А ведь вернувшихся было не так-то много! В тридцать седьмом и тридцать восьмом в армии не осталось полка, дивизии, корпуса, где бы не посадили или командира, или комиссара, или начальника штаба, или всех вместе. И те из них, кого не расстреляли и не выпустили, продолжали сидеть еще и теперь. Только в том последнем лагере, где он, Серпилин, жил без права переписки, кроме него сидели три человека, которые могли бы командовать на войне дивизиями и корпусами. Допустим, эти годы выбили их из колеи. Хорошо, не давайте сразу дивизии, дайте полк, батальон. Ведь они ничего не ищут для себя, они готовы и оправдаться и умереть в любом звании!
Самым страшным по своей неожиданности, когда Серпилин из одиночки попал в лагерь, было оказаться среди таких же людей, как он.
Он ничего не признал и не подписал, но сама жестокость, с которой у него домогались признаний, утвердила его в мысли, что действительно существует какой-то громадный страшный заговор, из-за которого «лес рубят – щепки летят», из-за которого не верят таким, как он, потому что какие-то люди, которым верили еще больше, чем ему, оказались предателями. Он думал так и не мог думать иначе, ничто другое не могло уместиться в голове. И вот постепенно, день за днем, месяц за месяцем, год за годом, он убеждался, что этого заговора не было, просто не было. Он убеждался, что, за редкими исключениями, все люди, взятые по проклятой пятьдесят восьмой статье, – такие же люди, как он.

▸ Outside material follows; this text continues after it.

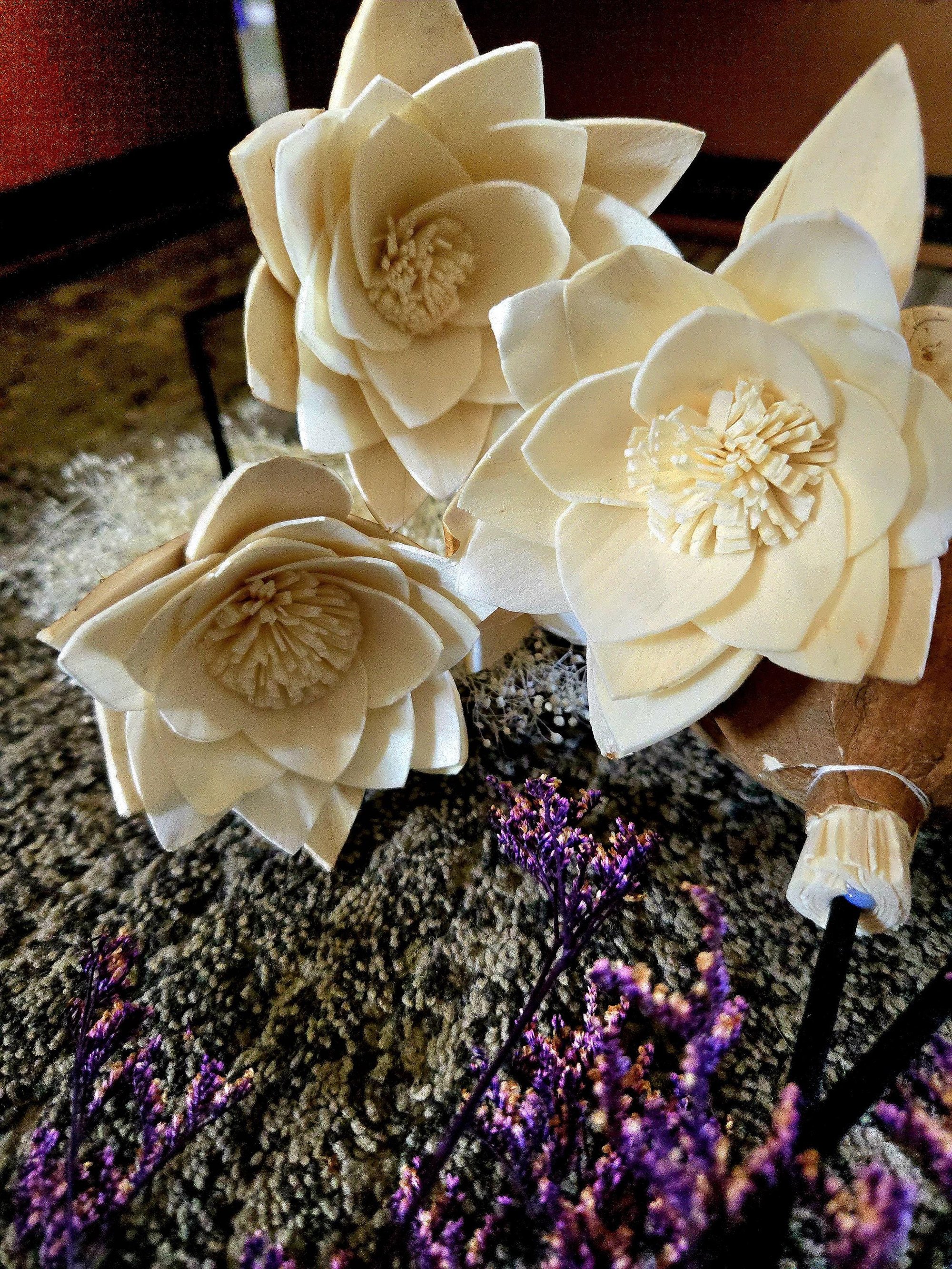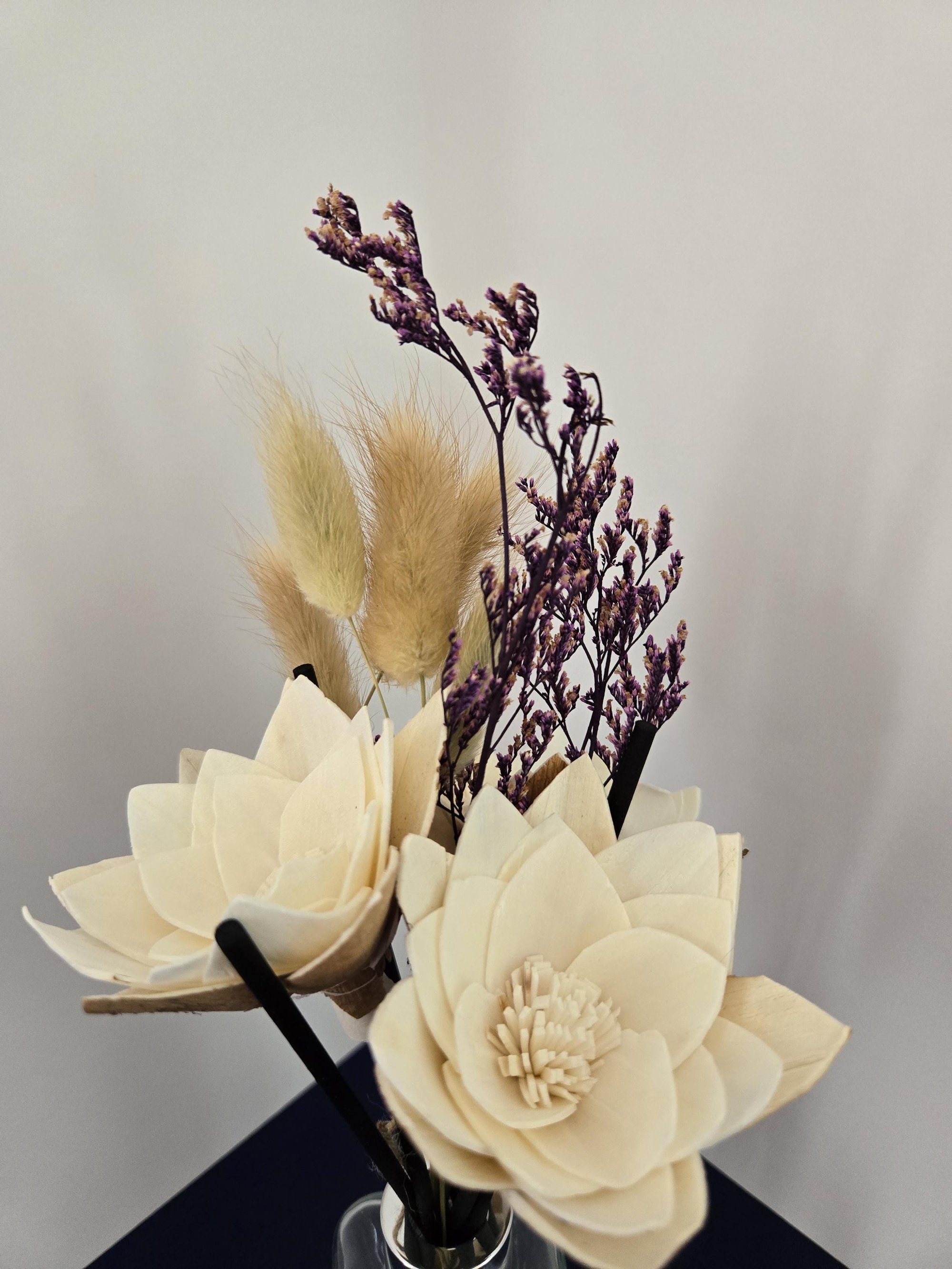 Handmade with 3 elegant water lily sola wood flowers, fluffy bunny tails, and delicate purple caspia and several reed sticks.
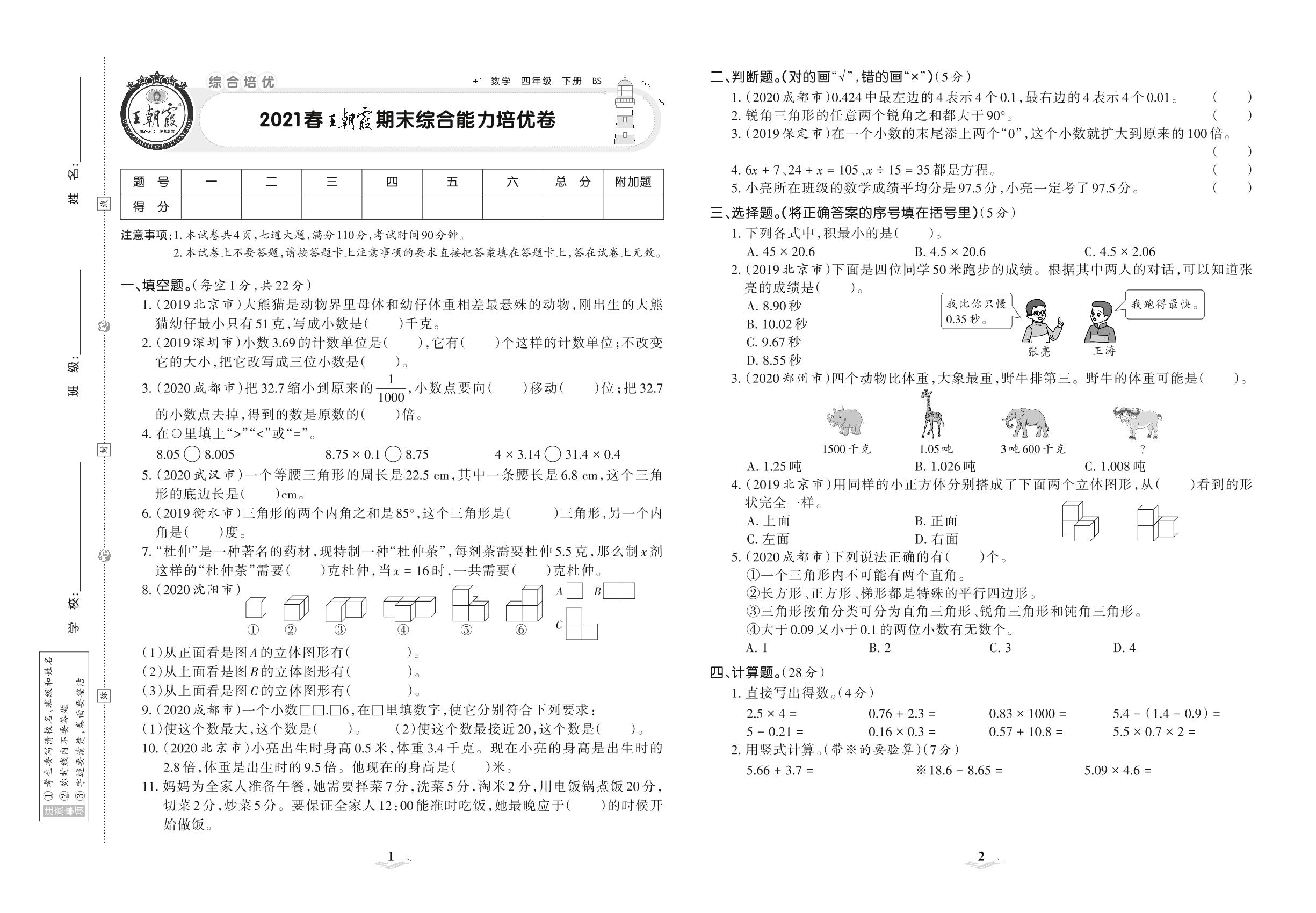 2021下册四年级数学北师版 王朝霞期末综合能力培优卷

Иногда все выдержавшие и не признавшие за собой вины, чаще не выдержавшие и признавшие, но такие же, ровно ни в чем не виноватые, как он.
Так это было. Но еще страшнее, что так и оставалось до сих пор. Лагеря были по-прежнему полны людей, готовых каплю за каплей отдать свою кровь за Советскую власть. Это было невозможно выкинуть из памяти, но сказать об этом вслух – значило бы совершить бессмысленное самоубийство.
Когда-то в госпитале, осенью сорок первого, в памятный вечер после парада на Красной площади, жена спросила его: как, вычеркнул ли он из памяти те годы?
И он сказал: да, вычеркнул. Правдою ли это было? Да, в том смысле, в каком она спросила и в каком он тогда ответил, это была правда.
Да, он пошел воевать и больше всего думал о войне и о людях, которые вместе с ним воюют и которые так же, как он сам, должны научиться побеждать фашистов, потому что иначе погибнем и мы и Советская власть. Он много и постоянно думал об этом и редко и мало думал о себе и своем прошлом. Да, в этом смысле он сказал ей тогда правду, и это оставалось правдой и теперь, когда она умерла и уже не могла услышать его.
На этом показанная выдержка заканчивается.